La transizione energetica è sempre più segnata da un assetto tripolare. L’UE continua a ridurre le emissioni, USA e Cina privilegiano sicurezza energetica e sviluppo industriale.
Come emerge dal Rapporto annuale CER, il 2025 segna un punto critico per l’Italia. Le emissioni italiane tornerebbero a salire fino a 371,7 milioni di tonnellate di CO₂ equivalente (+0,2%), con un calo della quota rinnovabile al 21,7% e un aumento dell’uso di gas (+2,1%).
Nel 2026 le emissioni potrebbero però tornare a ridursi, e nel 2027 il calo (-1,6%) raggiungerebbe 363,9 milioni di tonnellate di CO₂ equivalente. A condizione però che si sblocchino gli iter autorizzativi.
USA, UE, Asia
Negli USA, nel 2025 il cambio di amministrazione ha chiuso la stagione “verde” aperta con l’Inflation Reduction Act, riorientando le politiche verso il mantenimento delle quote di mercato dei combustibili fossili, revisione degli incentivi e introduzione di dazi sulle tecnologie pulite. Un “whiplash climatico” che evidenzia il rischio di una frenata degli investimenti green.
L’UE, pur mantenendo una traiettoria coerente con il Green Deal, si confronta con costi energetici più elevati rispetto a USA e Asia e una crescente pressione competitiva sulle filiere industriali. Nel fotovoltaico produrre moduli costa oggi dal 35% al 65% in più rispetto alla Cina.
La Cina continua a guidare la crescita delle rinnovabili (oltre 260 GW di nuova capacità), ma non rinuncia ancora al carbone, approvando 25 GW di nuove centrali nei primo semestre dell’anno. Le emissioni cinesi, sospinte dalla rapidità della crescita economica, continuano così a crescere raggiungendo il massimo storico.
La situazione in Italia
In Italia il biennio 2023-2024 ha segnato un’accelerazione senza precedenti: le emissioni sono diminuite in media di oltre il 5%, l’efficienza energetica è migliorata del 3,4%, e sono stati installati 13,4 GW di nuova capacità rinnovabile, portando il totale nazionale oltre 74,5 GW. La dipendenza dal gas russo è crollata dal 40% del 2021 al 9,5% nel 2024, con nuovi contratti con l’Azerbaigian (+43%) e il forte aumento dell’import di GNL (+49,8%), oltre all’attivazione del rigassificatore di Piombino. La diversificazione ha ridotto anche la concentrazione geografica delle forniture di combustibili fossili.

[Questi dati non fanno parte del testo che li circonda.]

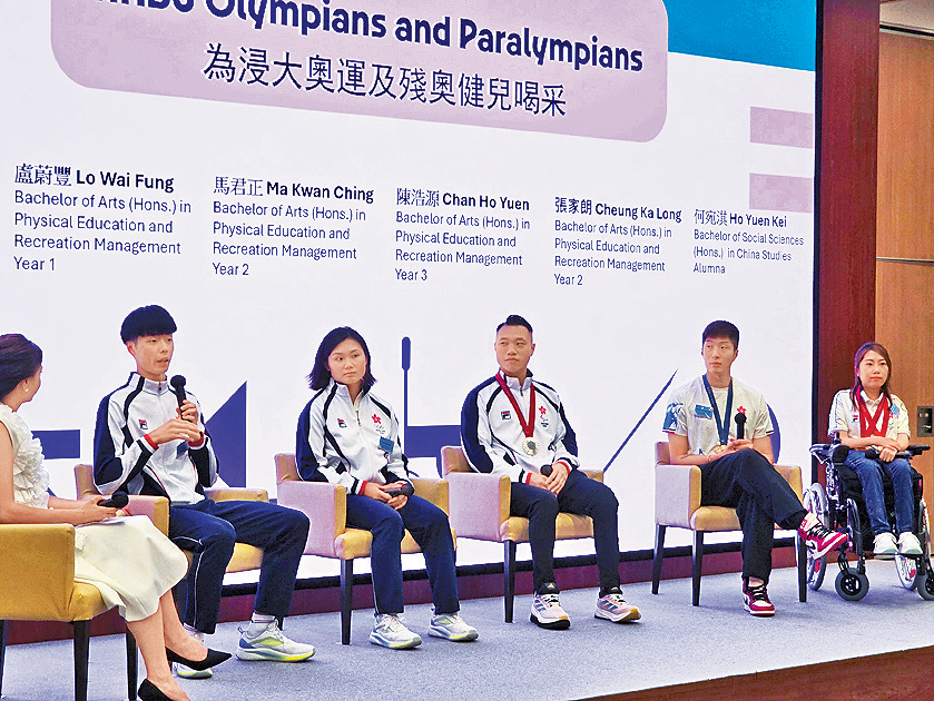 浸大昨举办「为浸大奥运及残奥健儿喝采」分享会(见图),庆祝浸大学生及校友运动员在今届奥运会及残奥会取得佳绩,超过200名浸大教职员及学生等出席。其中,浸大学生运动员陈浩源、张家朗、卢蔚丰及马君正获颁奖学金,校友何宛淇亦有出席。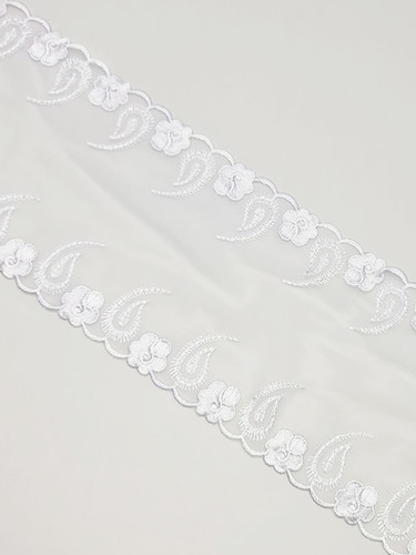 This lace is a beautiful Italian mesh lace. Although it looks white in the picture, it is a very pale purple tone on the embroidery. Laces are sold by the metre unless stated otherwise. Kindly note that the laces have joins throughout the rolls, so if ordering larger quantites, you may have a join/s. Laces are non returnable as they are specifically cut for your order.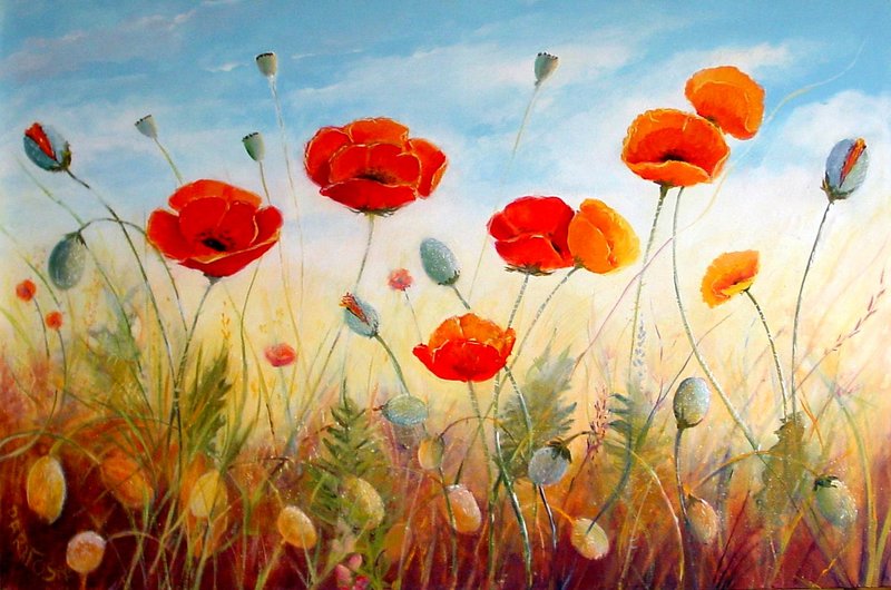 Een fantasie van klaprozen in diverse kleurnuances. Acryl op doek met baklijst.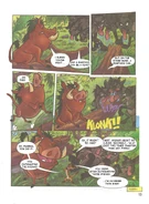 Pumbaa decides to outwit the hyenas, despite Timon's doubts. He questions the hyenas as to how they plan to eat such a small morsel between the three of them. This prompts a fight between the trio, until Banzai declares that a warthog is a much better-sized meal. Thinking fast, Pumbaa steps on the edge of a log, bringing up the other end to strike and knock out the hyenas.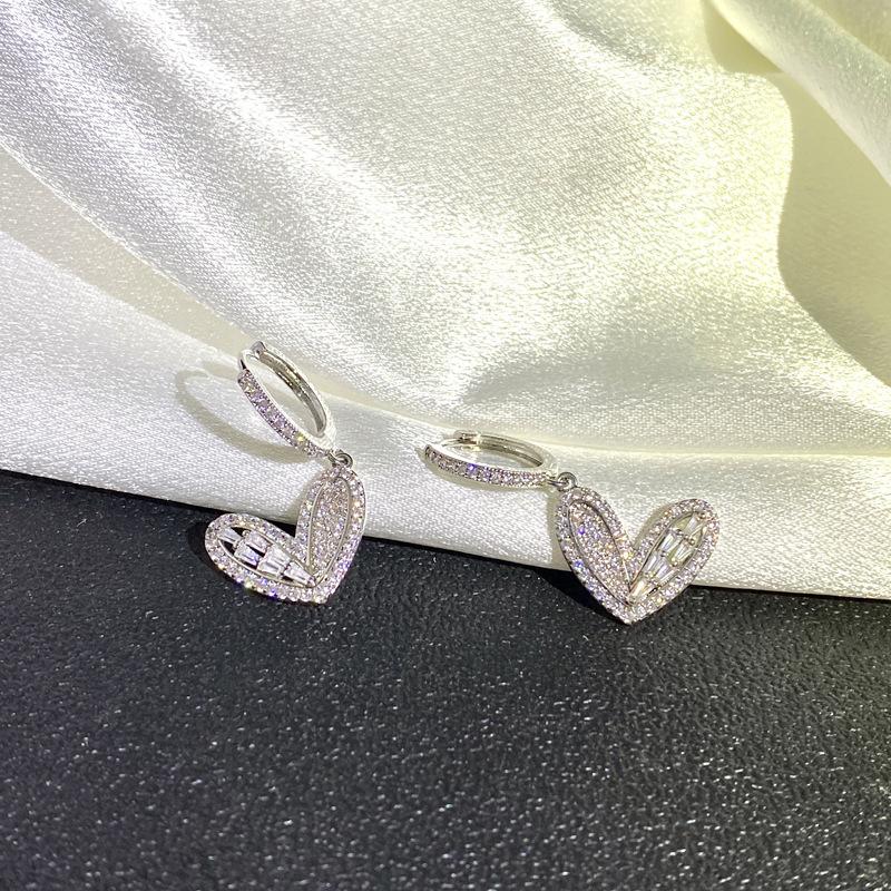Pendientes de estilo francés con microincrustaciones de circonitas de Dongdaemun, de Corea del Sur, con hebilla de amor, sencillos, ligeros y lujosos.

La domanda energetica complessiva cala dell’1%. Il rallentamento si concentra soprattutto nei settori ETS, dove le emissioni della generazione elettrica tornano a salire a 62,2 MtCO₂eq (+3,9%).
Per le Pmi l’opzione green non è più solo reputazionale
Nei settori ESR, la riduzione prosegue ma a ritmi troppo lenti. I trasporti scendono dell’1,3%, mentre il settore civile torna a crescere (+2,2%) per un maggior utilizzo del gas per il riscaldamento.
Secondo le previsioni, il ritorno su una traiettoria più solida sarebbe favorito dall’aumento della produzione da rinnovabili elettriche, che nel 2027 potrebbe raggiungere 149 TWh, con un fotovoltaico in espansione fino a 63,5 TWh.
L’accesso ai finanziamenti tende a favorire imprese con progetti di riduzione dei consumi, efficientamento o riconversione energetica. Per molte Pmi significa che la transizione non è più un’opzione reputazionale, ma una condizione necessaria per mantenere competitività sui mercati.